Sydney hacker Aush0k disputes AFP charges

A NSW man sentenced to 15 months home detention for defacing the website of a local council claims he has been wrongly charged and misrepresented by the Australian Federal Police.

Matthew Flannery

Matthew Flannery, known as Aush0k online, was accused by the AFP of taking advantage of a known ColdFusion exploit to access the website of Narrabri Shire Council in order to put in a backdoor to enable access, deface the site with an image and alter the site’s internal structure.

Flannery was last month found guilty of two counts of unauthorised access and modification of restricted data; two counts of unauthorised modification of computer data; and dishonestly obtaining/dealing in personal financial information.

He received a combined sentence of 15 months’ home detention, which continues until mid-April 2016, alongside a 12 month good behaviour bond.

But Australia’s hacker community - and Flannery himself - have long said Flannery was not the person who initially broke into the site and uploaded the remote shell.

Both Flannery and other sources say he encouraged an associate to break into the website, while he simply accessed the shell from his work - at the time IT security firm Content Security - at which point he came to the attention of the AFP.

Flannery, who has decided to speak out following his recent sentencing, now claims the AFP raided the house of the associate he says broke into the website, but did not lay any charges.

"Why were people raided as a result of my arrest - because they were associated with me?
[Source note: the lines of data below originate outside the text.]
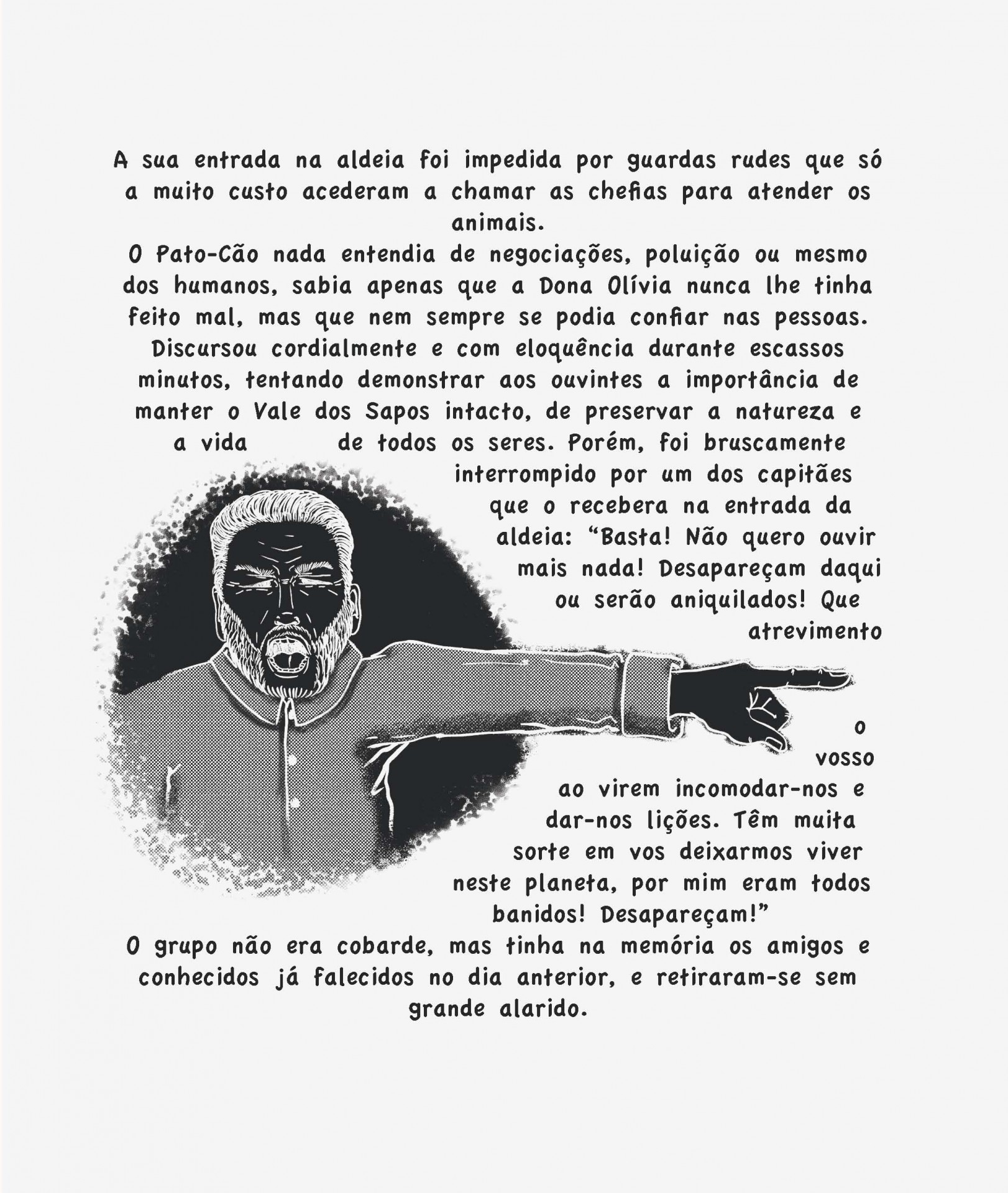 "Iam gostar de conhecer o Pato-Cão. Há quem diga que ainda vagueia pelas águas delicadas que ladeiam as Florestas do Norte, lá onde a noite corre depressa para deixar o Sol cantar uma eternidade. Nunca o procurei. Sinto que o conheço desde que ouvi a sua história pela primeira vez..."
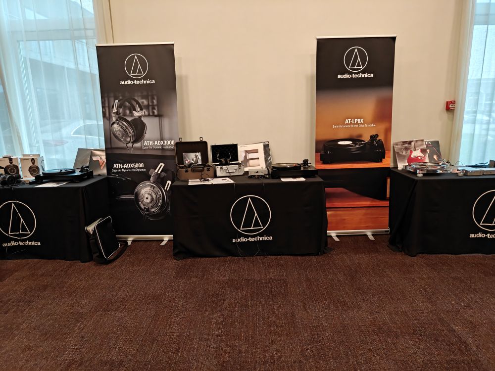 Audio Technica bød på en semi-passiv udstilling i et stort fællesrum med stort fokus på hovedtelefoner og pladespiller. Det var prisværdigt at den nordiske afdeling havde valgt at stille op solo i stedet for at overlade det til en forhandler. Der var særligt fokus på ATH-ADX serien, her taler vi om hovedtelefoner i prisklassen 8-19.000 kroner, her snakker vi hovedtelefoner der er håndsamlet i Japan, og enheder der er Wolfram-belagte. AT-LP8X pladespilleren var der også blevet plads til, en semiautomatisk konstruktion med J-arm og aluminiumspladetallerken - og til en pris omkring 8.500 kroner en af de billigste på messen i år.
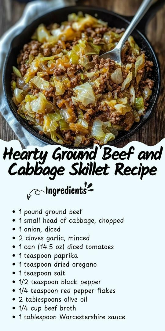 Latoria M⭐️+FollowHearty Ground Beef and Cabbage Skillet RecipeIngredients • 1 pound ground beef • 1 small head of cabbage, chopped • 1 onion, diced • 2 cloves garlic, minced • 1 can (14.5 oz) diced tomatoes • 1 teaspoon paprika • 1 teaspoon dried oregano • 1 teaspoon salt • 1/2 teaspoon black pepper • 1/4 teaspoon red pepper flakes • 2 tablespoons olive oil • 1/4 cup beef broth • 1 tablespoon Worcestershire3211124Share
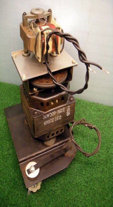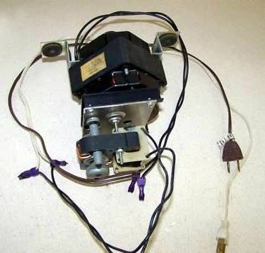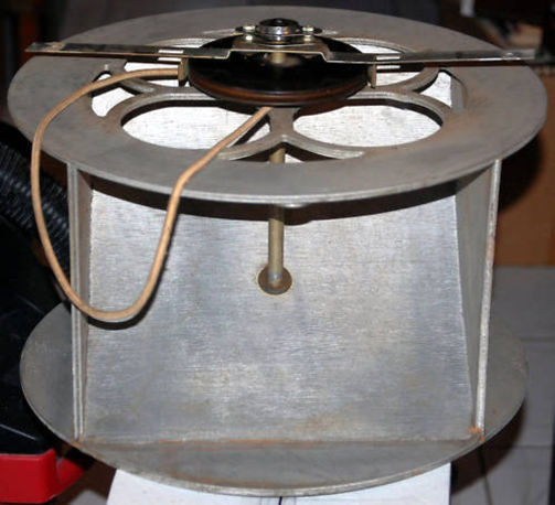 Eerdere modellen hadden een houten rotor, hier met de aandrijfsnaar. Het zwarte doek is hier van de rotor verwijderd. Latere modellen hadden een styrofoam rotor.
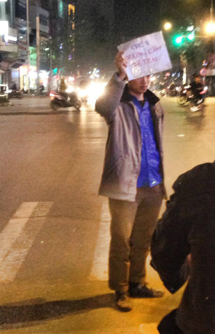 Thanh niên cầm biển cảnh báo cấm rẽ trái ngay giữa ngã tư.
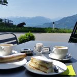 Etwas später ging es richtig zur Sache, d.h. gut bergauf. Wir konnten das mit Hilfe der Sportstufe gut bewältigen. Schließlich erreichten wir das Bütschelegg., wo wir unsere Beine und Akkus wieder aufladen konnten. Wir erwarteten hier die im Buch über die Herzroute angegebene Ladestation als Ladesäule mit mehreren Steckdosen. Dem war nicht so, es war eine Steckdose zum Aufladen, die per Kabel auf einer Mauer lag. In dem Restaurant konnten wir nicht nur unseren Durst löschen, sondern auch noch leckere Erdbeertörtchen essen. Faszinierend in der Wirtschaft war deren Personal. Alle waren stark pigmentiert, stammten offensichtlich aus Indien, Sri Lanka etc und sprachen perfektes Schwyzer Deutsch.
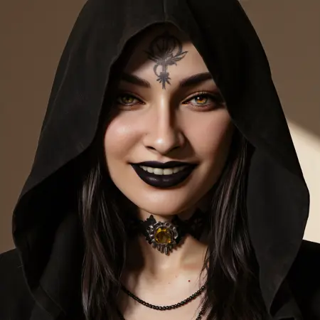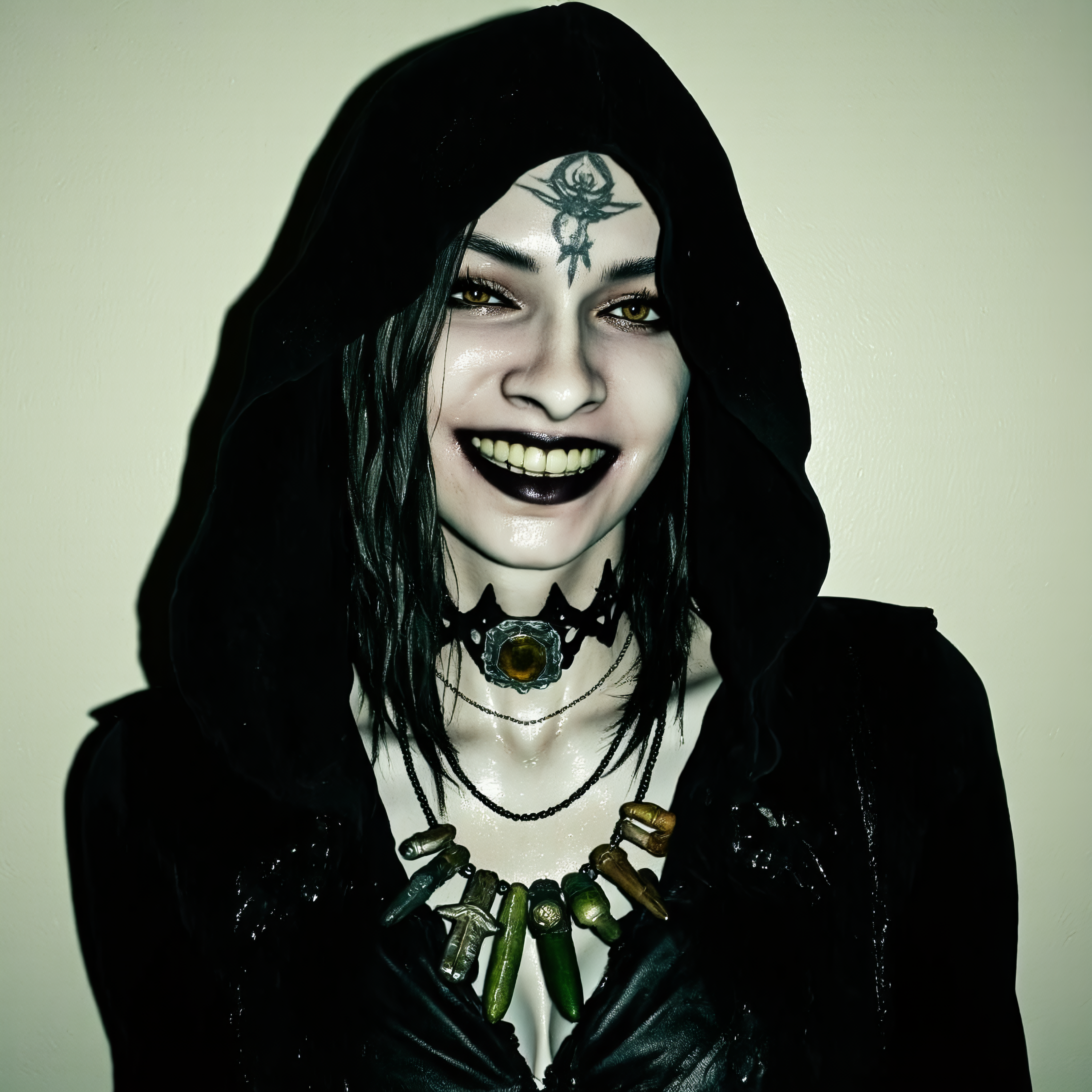 卡桑德拉·迪米特雷斯库,她有苍白的灰色皮肤,黑色头发,黑色嘴唇,额头上有纹身,戴着镶有黄色宝石的项圈,佩戴着饰物项链,身穿黑色哥特式长裙,戴着兜帽,露出邪恶的笑容,嘴角有血迹

Why were they raided?" Flannery said on ABC's 7:30.

"And saying this serves no benefit to me, it's more a question of the AFP's integrity. Why were those people raided and arrested for much more serious offences and yet saw no charges or any kind of media attention whatsoever?"

He said he had been shocked and horrified that the AFP had taken his ‘joke claims’ to a Facebook friend that he was the leader of international hacker collective LulzSec seriously, and publicised them to the world.

"I would like to know if that is solely what they are basing their claims off of and, if so, then why did the AFP - in a press release in front of the world - state that I had made claims in online chat communities that were frequented by Lulzsec members that I was the leader of Lulzsec?" Flannery asked.

"I certainly did not proclaim to other LulzSec members - because I've never met any - that I was the leader of LulzSec."

The AFP declined to comment on Monday afternoon when contacted by iTnews.

AFP national manager of cyber crime, Commander Glen McEwen told 7:30 he couldn't confirm Flannery was a member of LulzSec, but he also couldn't categorically rule it out.